La terre n'a pas d'autel qui soit mieux qu'un amoncellement
grossier de pierres et de gazon. Des cabanes de roseaux,
quelques cavernes béantes à peine
usurpées d'hier, voilà tout ce qui prête
aux hommes, à leur bétail à peine un peu
moins sauvage que les fauves partout rôdant et
menaçant, une incertaine et précaire
hospitalité. Le nouveau jour qui se lève,
ramènera, ou du moins la différence ne sera pas
bien légère, les travaux, les misères,
les alertes, les joies naïves que la veille a
ramenés, que ramènera le lendemain. Ce n'est
pas le blond Phoebus aux cheveux d'or, Phoebus aimé de
Thétys, qui monte et rayonne dans le ciel
déserté de la dernière étoile. En
ces rudes campagnes son nom même est ignoré. Ici
les dieux sont grossiers comme leurs croyants et leurs
serviteurs. Le plus grand, et encore semble-t-il
attaché à la terre et peu soucieux des demeures
surhumaines, c'est Saturne, le dieu ami des travaux des
champs ; il guide le semeur aux sillons que
péniblement il a creusés dans une terre mal
domptée, il instruit la main du travailleur
déjà plus curieux et qui blesse, pour les mieux
féconder, les arbres où la greffe sera
placée ; il sait déjà le bienfaisant
réconfort des nourritures restituées à
la glèbe, à la bonne nourrice : pas de soin
vulgaire qui le repousse ; c'est un dieu bon ouvrier, il suit
les troupeaux à la piste et ne sort de l'étable
journellement nettoyée, que les mains pleines ou la
corbeille de jonc sous le bras.

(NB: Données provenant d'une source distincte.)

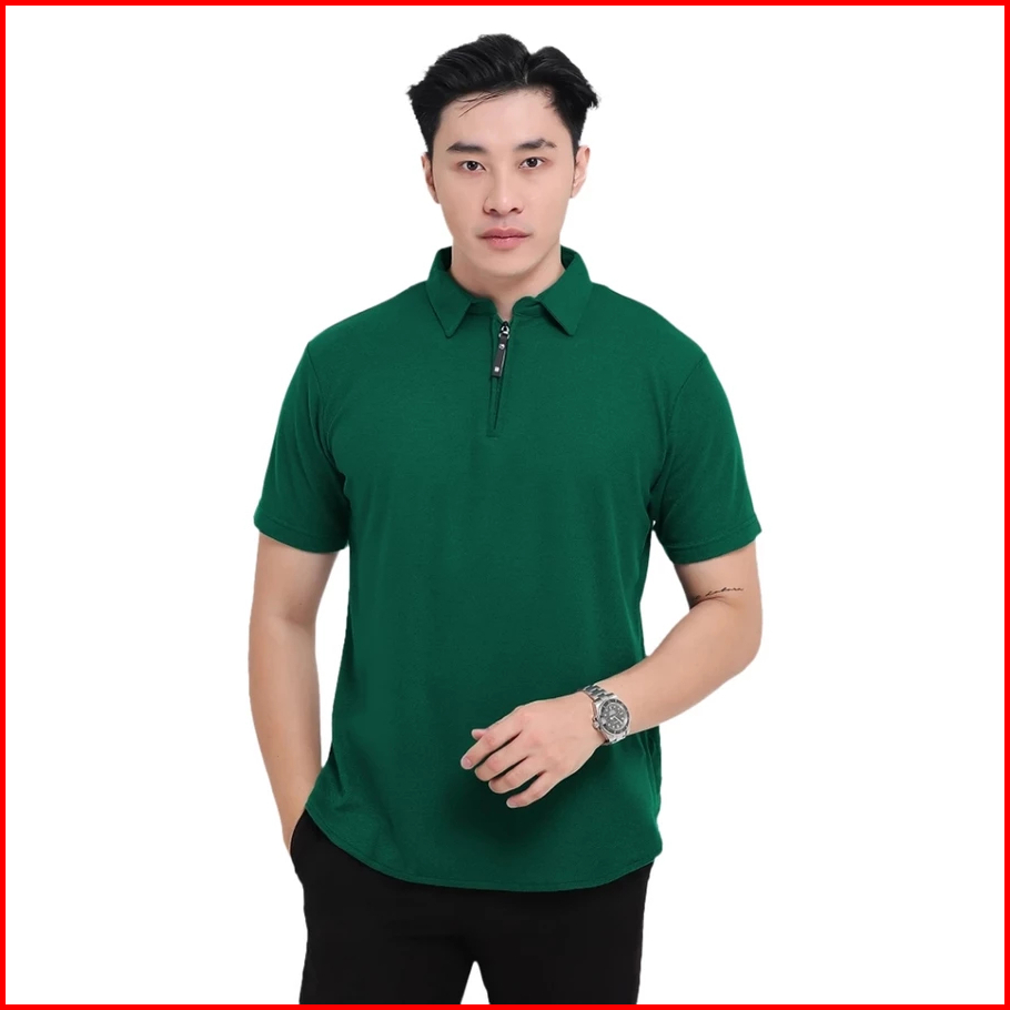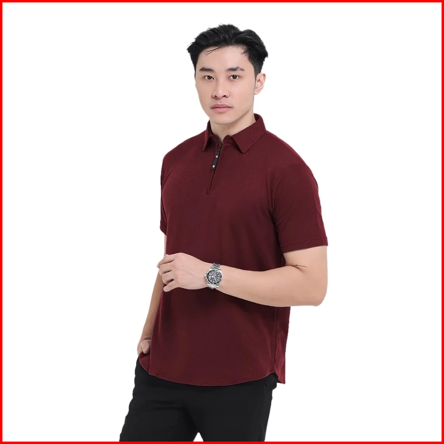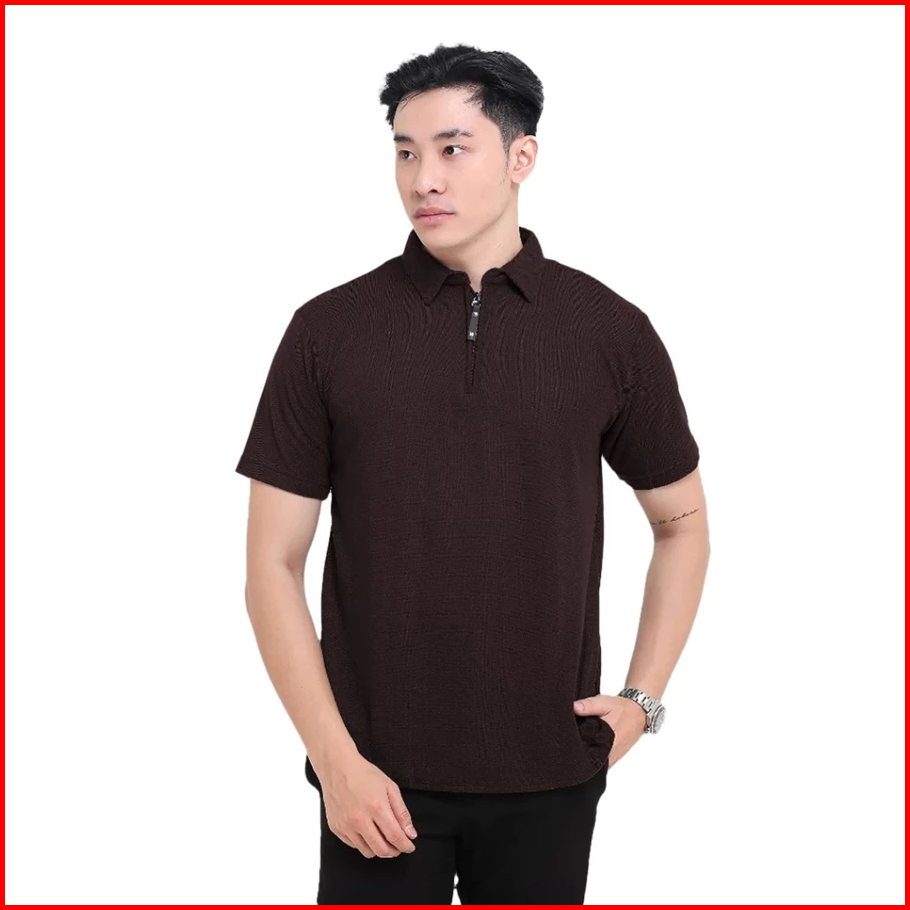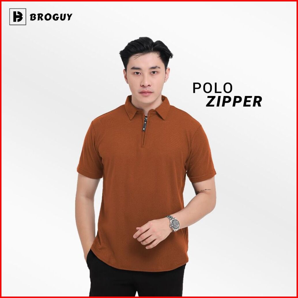 Broguy Kaos Polo Shirt Pria Kerah Lengan Pendek Zipper - Light Brown

Aussi est-il
familièrement appelé Sterculus : les temps ne
sont pas encore venus où l'impiété,
railleuse et sacrilège du passé, fera de ce
surnom de longues moqueries. Saturne apparaît, non dans
des images sculptées, que ses dévots ne
sauraient lui consacrer encore, mais dans leurs récits
enfantins, dans leurs chansons reconnaissantes, la faux
à la main. Il est aussi un bon moissonneur, et sa
femme, Ops, d'humeur accueillante et simple comme lui, c'est
la Richesse.
Il veut l'égalité de tous sur la terre et dans
les champs dont la fécondité le réjouit.
Il est libre et veut des hommes libres ; aussi, quand
viendront les jours où l'esclavage aura sans fin
multiplié ; imposera-t-il aux maîtres la
trêve d'une liberté reconquise au moins l'espace
de trois journées. Les saturnales rappelleront aux
hommes la fraternité désapprise. En la montrant
dans le passé, peut-être le dieu clément
la fera-t-il entrevoir dans l'avenir. Durant ces trois jours
de paix, les tribunaux seront fermés, les conflits
sommeilleront et l'homme voudra bien ne voir que l'homme dans
l'homme qui le coudoie, qui rit et qui passe.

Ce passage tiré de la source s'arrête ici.